LaCour! Generation

December 13, 2023 · View on GitHub

Companion code to the arXiv preprint presenting the LaCour! corpus. If you are looking for the dataset, please visit LaCour! Corpus.

Note

This repo is still a work in progress and will be updated in the coming days!

Installation

For installation with Miniconda:

conda create -n lacour-generation python=3.9
conda activate lacour-generation
git clone https://github.com/trusthlt/lacour-generation.git
cd lacour-generation
pip install -r requirements.txt

Running the scraper

Producing the hearing transcripts and associated documents is divided into several steps. The code for all scrapers is located in scrape.
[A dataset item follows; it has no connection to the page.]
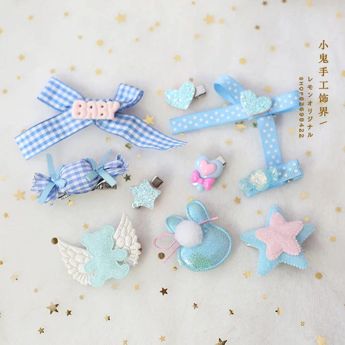 Handmade Hair clip Pink blue Hair accessories Soft Sister Sweet Bowknot Side Clip Lolita Kawaii Hai

Download video files and video information by running scrape_webcast_videos.py, produces all_webcasts_{date}.json
Find associated files in HUDOC and download them by running scrape_case_html_matching_webcast.py
Find related press releases in HUDOC and download them by running scrape_press_releases.py

Downloading the videos

Warning

Due to changes to the webcast website, the scraper for videos no longer works. You can instead skip the first step and download the last scraped file all_webcasts.json

Transcribing the videos

Transcribing a video into a hearing transcript requires several steps, with one manual annotation step. The code for transcription is located in transcribe.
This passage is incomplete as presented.